> [WHAT THE TASK REQUIRES] All lines from the one that has "- Phong độ gần đây Mirassol" onward to the end of the records below are to be returned exactly; pictures are to be skipped.

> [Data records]
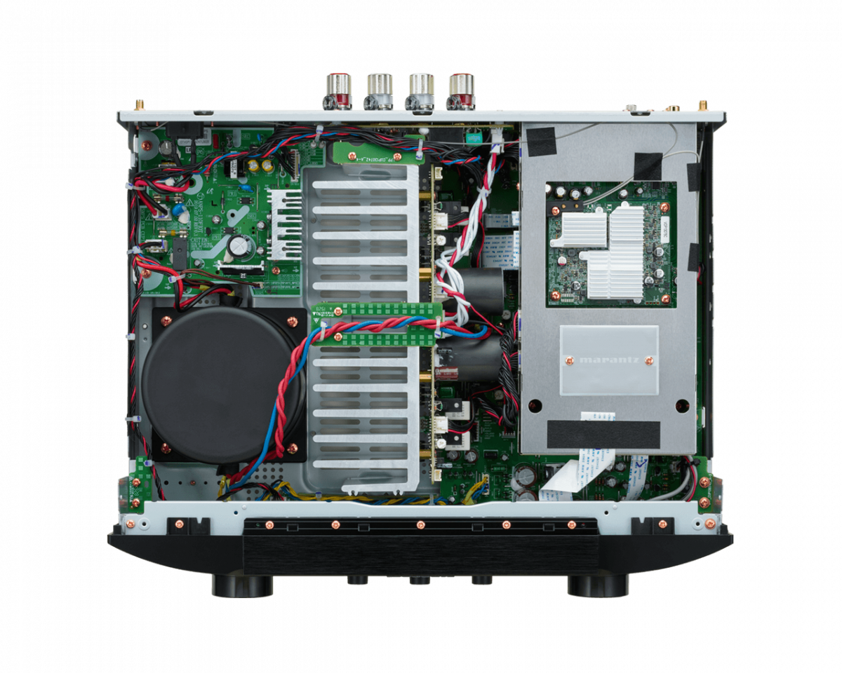 Фронтальную панель усилителя украшает трехстрочный OLED-дисплей. Поддерживается Apple AirPlay 2, двухдиапазонный Wi-Fi и Bluetooth. Доступ к аудиобиблиотекам, хранящимся на PC, Mac или NAS-серверах, осуществляется через WLAN или с помощью LAN-порта. По локальной сети и при использовании встроенного в тыльную панель корпуса USB-порта поддерживается воспроизведение форматов ALAC, FLAC, WAV до 24 бит/192 кГц и DSD до 5,6 МГц. На борту имеется MM-фонокорректор, входная секция которого использует полевые FET-транзисторы. В коммутации следует выделить отключаемый экранированный блок цифровых входов. Существует возможность подключения активного сабвуфера, а для подсоединения акустических систем задействованы две пары фирменных винтовых клемм Marantz SPKT-1+.
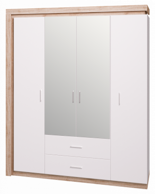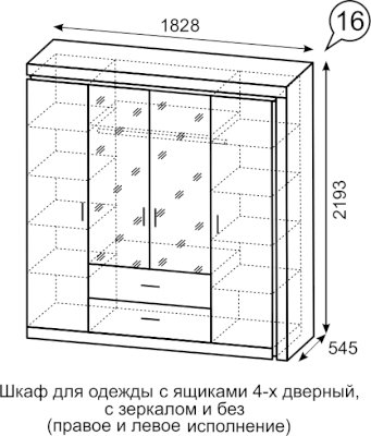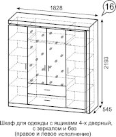 Шкаф для одежды с ящиками 4-х дверный с зеркалом №16
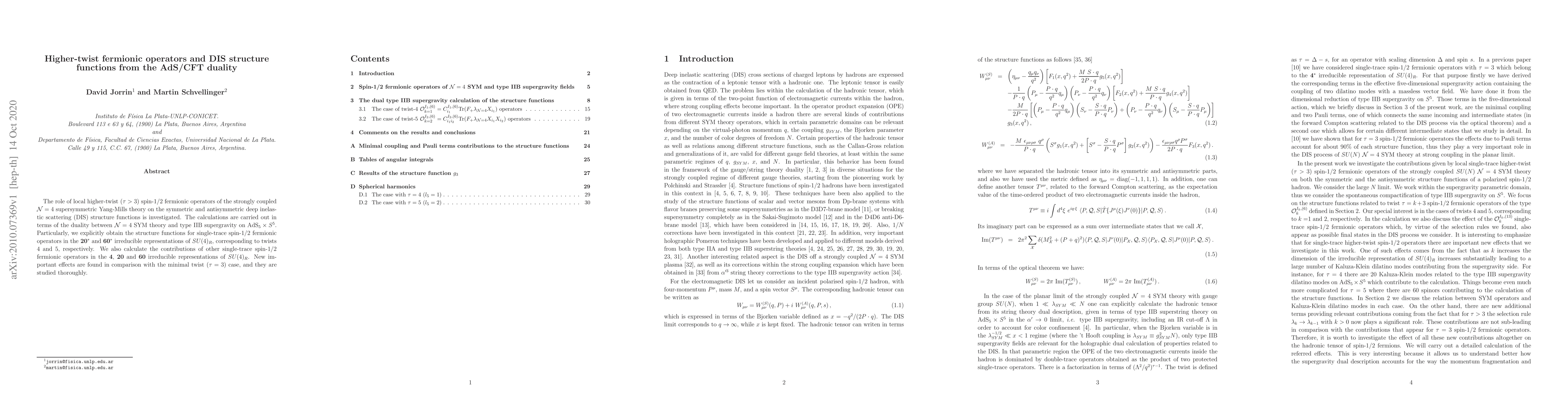 This paper investigates the impact of higher-twist spin-1/2 fermionic operators in ${\cal {N}}=4$ supersymmetric Yang-Mills theory on deep inelastic scattering structure functions via the AdS/CFT duality. It calculates structure functions for various fermionic operators and finds significant new effects compared to the minimal twist case.
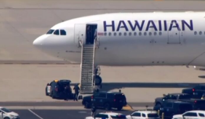 Autoridades investigan a un hombre que viajaba en la aeronave con destino a Honolulu.
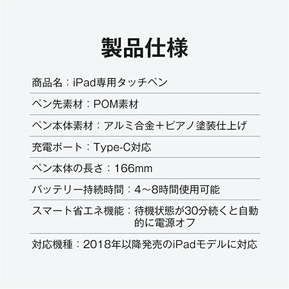 2018年以降発売されたすべてのiPadシリーズ専用のスタイラスペン。 電源オンでApple Pencilアップルペンシル対応アプリに瞬時にアクセス可能。面倒なペアリング等の設定は一切不要です。
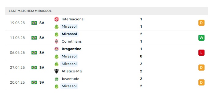 - Phong độ gần đây Mirassol
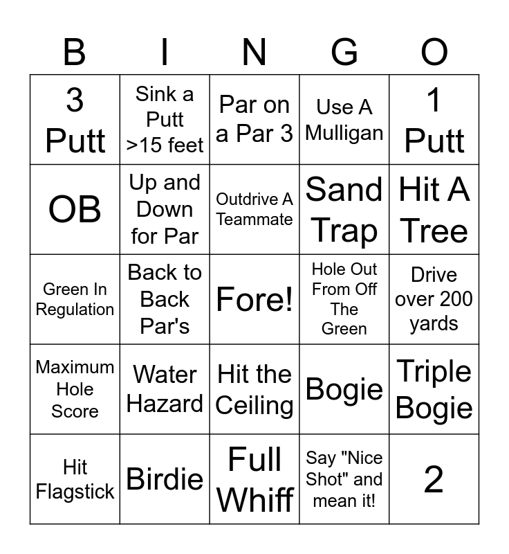 This bingo card has a free space and 24 words: Water Hazard, Birdie, Outdrive A Teammate, Hit Flagstick, 1 Putt, 3 Putt, OB, Sink a Putt >15 feet, Hole Out From Off The Green, Hit the Ceiling, Sand Trap, Green In Regulation, Bogie, Triple Bogie, Up and Down for Par, Say "Nice Shot" and mean it!, Drive over 200 yards, Par on a Par 3, Hit A Tree, Back to Back Par's, 2, Maximum Hole Score, Use A Mulligan and Full Whiff.
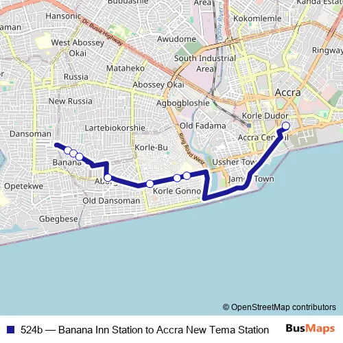Click here to view the nearest 524b - Banana Inn Station to Accra New Tema Station bus stop.
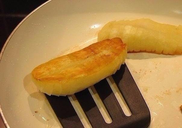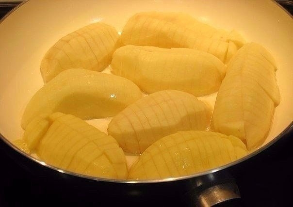 1. Готовить проще некуда. Разрезаем картошку пополам, а потом нарезаем поперек на тонкие ломтки, но не до конца, а то на сковороде картошка развалится(я пробовала, но на вкусе это не отражается). Как я уже писала, берем картошки такое количество, какое позволяет диаметр вашей сковороды(у меня 26 см и нам хватило на двоих). Картошка
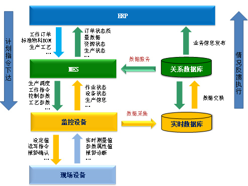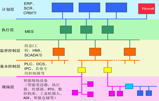 2)执行层:实现面向工厂/车间的生产管理,如维护记录、详细排产、可靠性保障等。制造执行系统(MES)在该层运行。
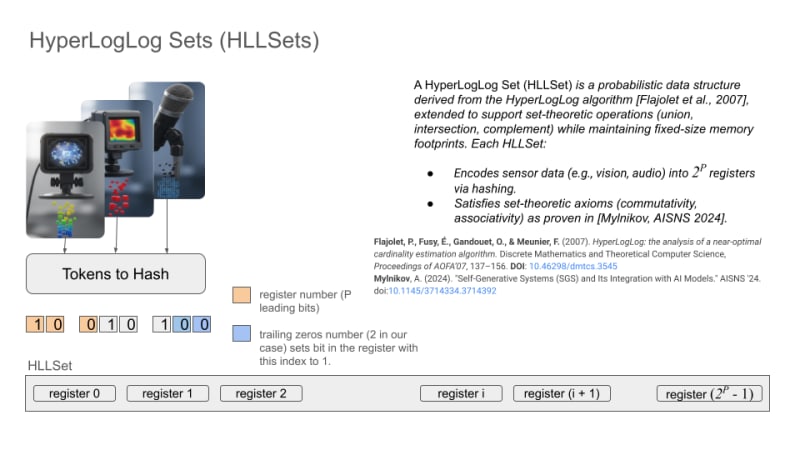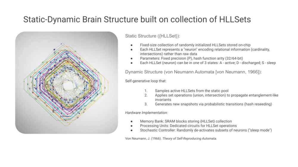 - A static-dynamic brain structure combining HyperLogLog probabilistic sets (HLLSets) as neurons with von Neumann automata for self-generation
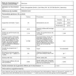 Siemens Lave Vaisselle 60 Cm SN23EW01ME IQ300,14 Cvts, 44 Db, 9,5L

> [ANSWER SPACE]
 - Phong độ gần đây Mirassol
 This bingo card has a free space and 24 words: Water Hazard, Birdie, Outdrive A Teammate, Hit Flagstick, 1 Putt, 3 Putt, OB, Sink a Putt >15 feet, Hole Out From Off The Green, Hit the Ceiling, Sand Trap, Green In Regulation, Bogie, Triple Bogie, Up and Down for Par, Say "Nice Shot" and mean it!, Drive over 200 yards, Par on a Par 3, Hit A Tree, Back to Back Par's, 2, Maximum Hole Score, Use A Mulligan and Full Whiff.
Click here to view the nearest 524b - Banana Inn Station to Accra New Tema Station bus stop.
 1. Готовить проще некуда. Разрезаем картошку пополам, а потом нарезаем поперек на тонкие ломтки, но не до конца, а то на сковороде картошка развалится(я пробовала, но на вкусе это не отражается). Как я уже писала, берем картошки такое количество, какое позволяет диаметр вашей сковороды(у меня 26 см и нам хватило на двоих). Картошка
 2)执行层:实现面向工厂/车间的生产管理,如维护记录、详细排产、可靠性保障等。制造执行系统(MES)在该层运行。
 - A static-dynamic brain structure combining HyperLogLog probabilistic sets (HLLSets) as neurons with von Neumann automata for self-generation
 Siemens Lave Vaisselle 60 Cm SN23EW01ME IQ300,14 Cvts, 44 Db, 9,5L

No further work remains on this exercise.